• **EXERCISE MATERIALS**:
_ _ _ _

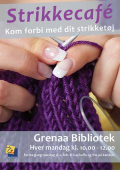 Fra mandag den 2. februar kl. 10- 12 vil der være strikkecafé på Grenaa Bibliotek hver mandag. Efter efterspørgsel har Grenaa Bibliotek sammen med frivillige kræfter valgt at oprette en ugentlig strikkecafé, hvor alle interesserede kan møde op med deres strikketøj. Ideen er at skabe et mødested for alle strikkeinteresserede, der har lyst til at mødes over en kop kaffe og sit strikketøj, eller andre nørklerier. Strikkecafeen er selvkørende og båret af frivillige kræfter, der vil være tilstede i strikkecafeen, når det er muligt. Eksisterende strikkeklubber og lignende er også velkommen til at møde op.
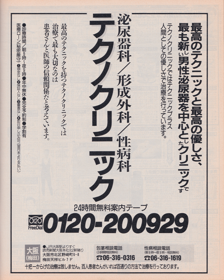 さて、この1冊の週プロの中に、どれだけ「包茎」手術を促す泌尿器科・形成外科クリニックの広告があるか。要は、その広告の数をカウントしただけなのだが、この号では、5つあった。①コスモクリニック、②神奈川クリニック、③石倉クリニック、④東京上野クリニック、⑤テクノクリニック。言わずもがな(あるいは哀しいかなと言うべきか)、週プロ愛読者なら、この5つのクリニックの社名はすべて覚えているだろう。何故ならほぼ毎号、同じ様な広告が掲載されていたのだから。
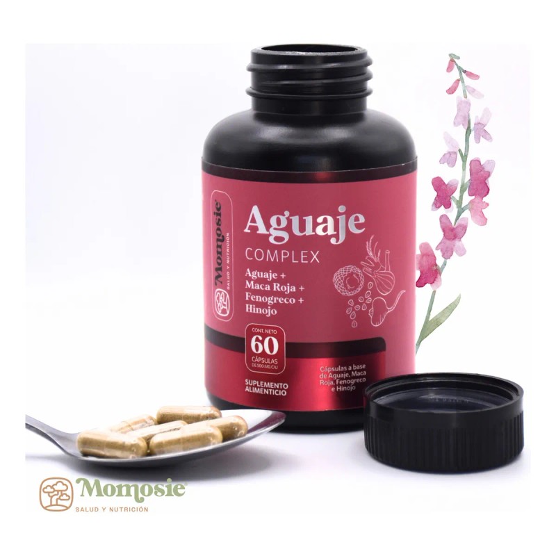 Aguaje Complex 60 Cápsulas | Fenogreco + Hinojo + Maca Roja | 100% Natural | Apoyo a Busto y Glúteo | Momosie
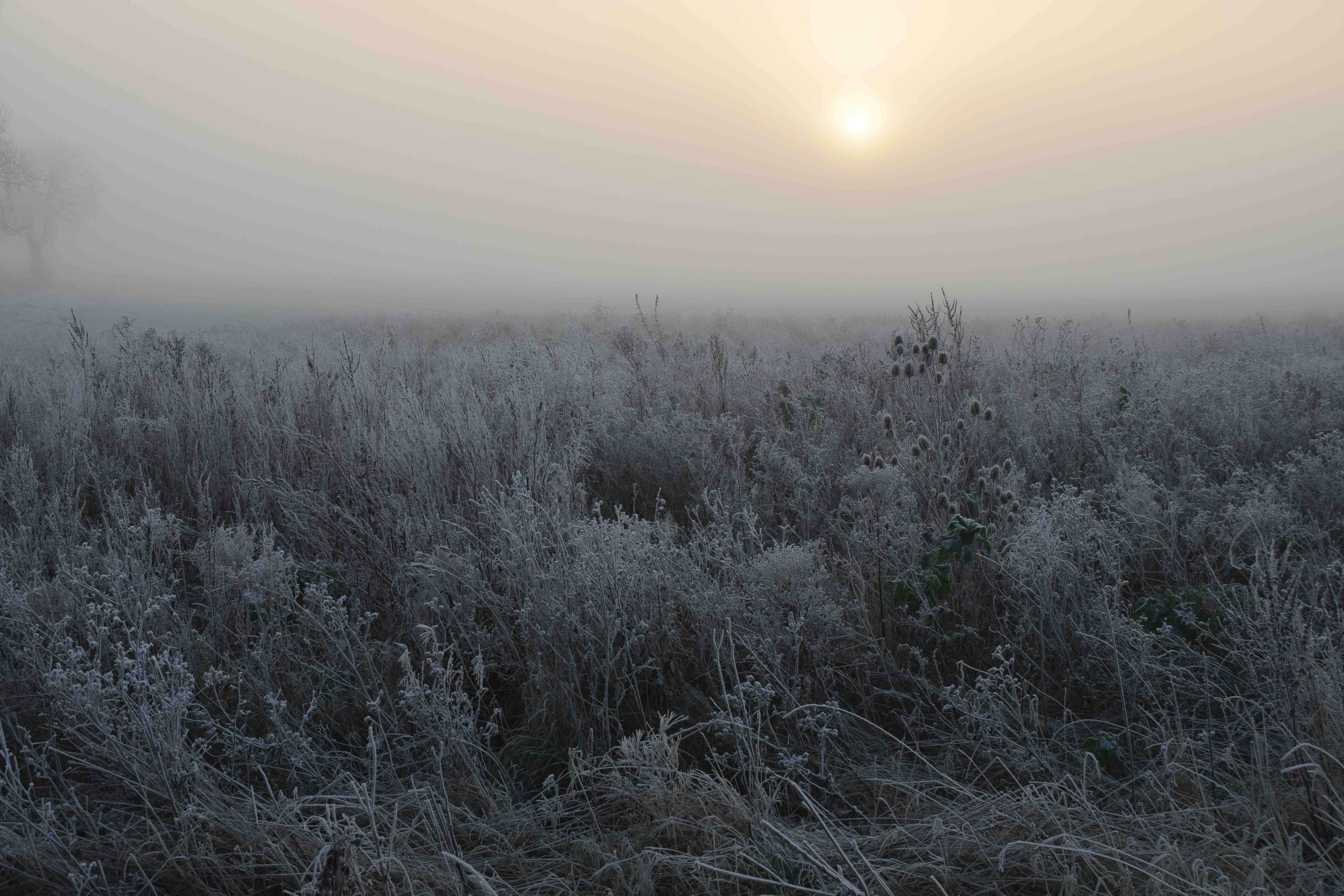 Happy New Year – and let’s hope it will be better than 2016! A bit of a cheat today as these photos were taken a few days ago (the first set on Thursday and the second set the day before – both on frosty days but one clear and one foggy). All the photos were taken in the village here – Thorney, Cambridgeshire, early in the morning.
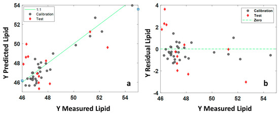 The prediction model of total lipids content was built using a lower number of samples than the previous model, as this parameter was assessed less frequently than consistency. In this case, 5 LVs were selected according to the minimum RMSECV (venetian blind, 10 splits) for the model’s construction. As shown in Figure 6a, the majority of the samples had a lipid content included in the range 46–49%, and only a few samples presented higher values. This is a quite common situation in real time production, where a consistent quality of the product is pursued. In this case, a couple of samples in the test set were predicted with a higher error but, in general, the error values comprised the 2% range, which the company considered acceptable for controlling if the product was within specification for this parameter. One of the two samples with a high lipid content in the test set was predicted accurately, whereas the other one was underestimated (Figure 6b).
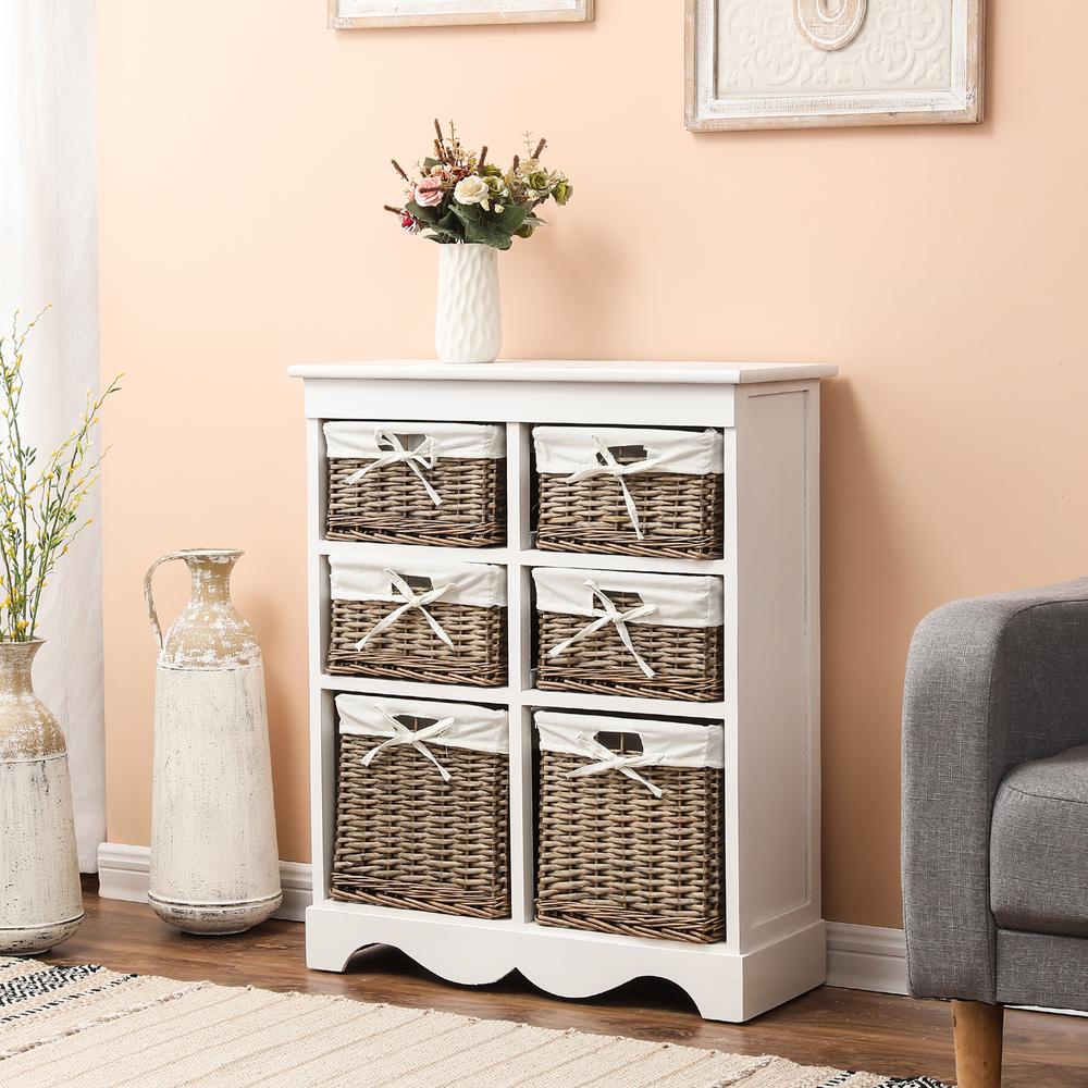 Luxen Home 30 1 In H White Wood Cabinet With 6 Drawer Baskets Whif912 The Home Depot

_ _ _ _

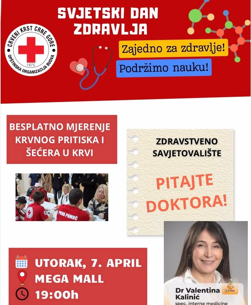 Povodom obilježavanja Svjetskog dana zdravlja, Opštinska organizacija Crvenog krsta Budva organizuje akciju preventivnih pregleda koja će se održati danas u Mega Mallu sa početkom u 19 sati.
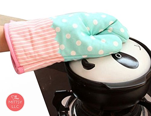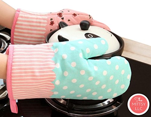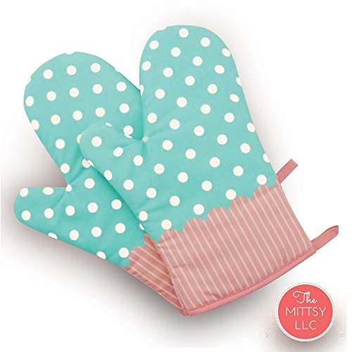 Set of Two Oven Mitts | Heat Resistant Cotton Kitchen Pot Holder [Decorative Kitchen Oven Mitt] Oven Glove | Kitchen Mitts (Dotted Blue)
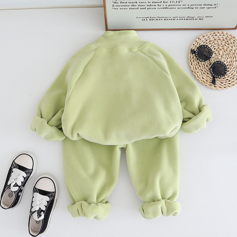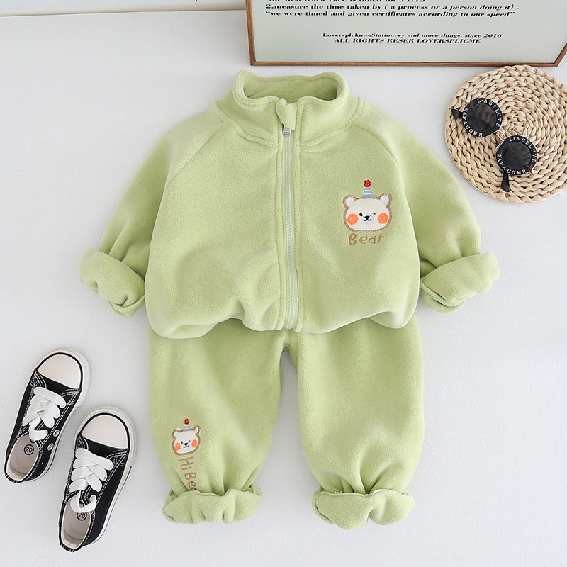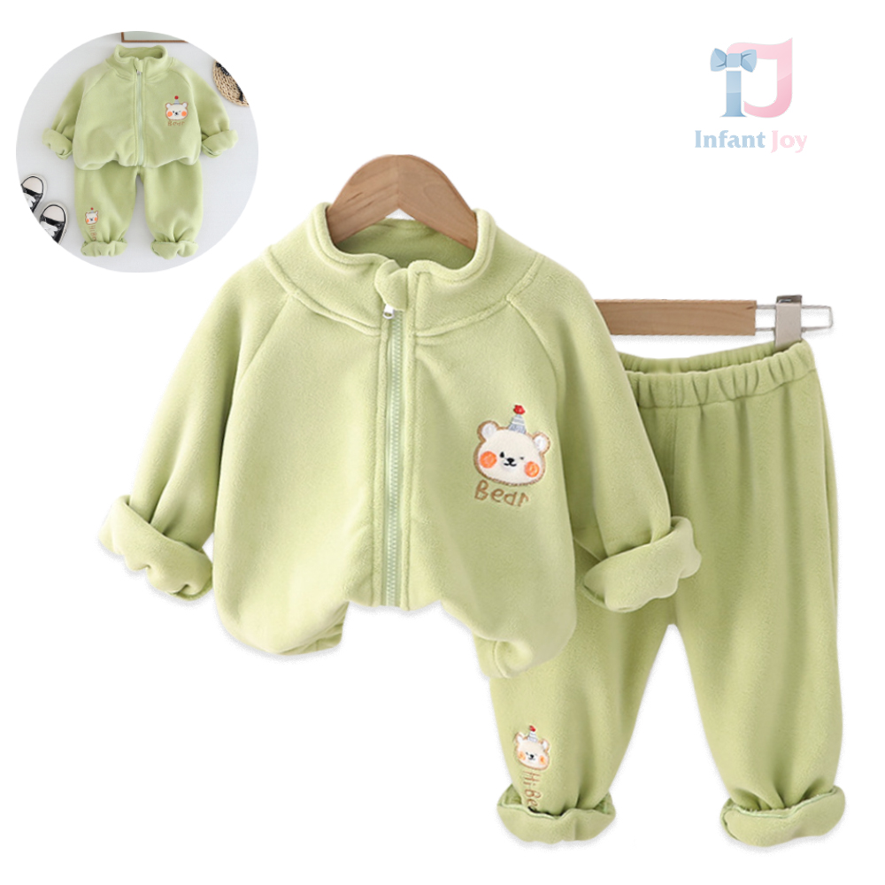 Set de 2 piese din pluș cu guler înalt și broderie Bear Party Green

_ _ _ _

• **INSTRUCTIONS FOR THE TASK**:
Each line above from the one containing "Povodom obilježavanja Svjetskog" through the one containing "Set de 2 piese" is to be returned verbatim. Nothing else, and no pictures.

• **THE COMPLETED TASK**:
 Povodom obilježavanja Svjetskog dana zdravlja, Opštinska organizacija Crvenog krsta Budva organizuje akciju preventivnih pregleda koja će se održati danas u Mega Mallu sa početkom u 19 sati.
 Set of Two Oven Mitts | Heat Resistant Cotton Kitchen Pot Holder [Decorative Kitchen Oven Mitt] Oven Glove | Kitchen Mitts (Dotted Blue)
 Set de 2 piese din pluș cu guler înalt și broderie Bear Party Green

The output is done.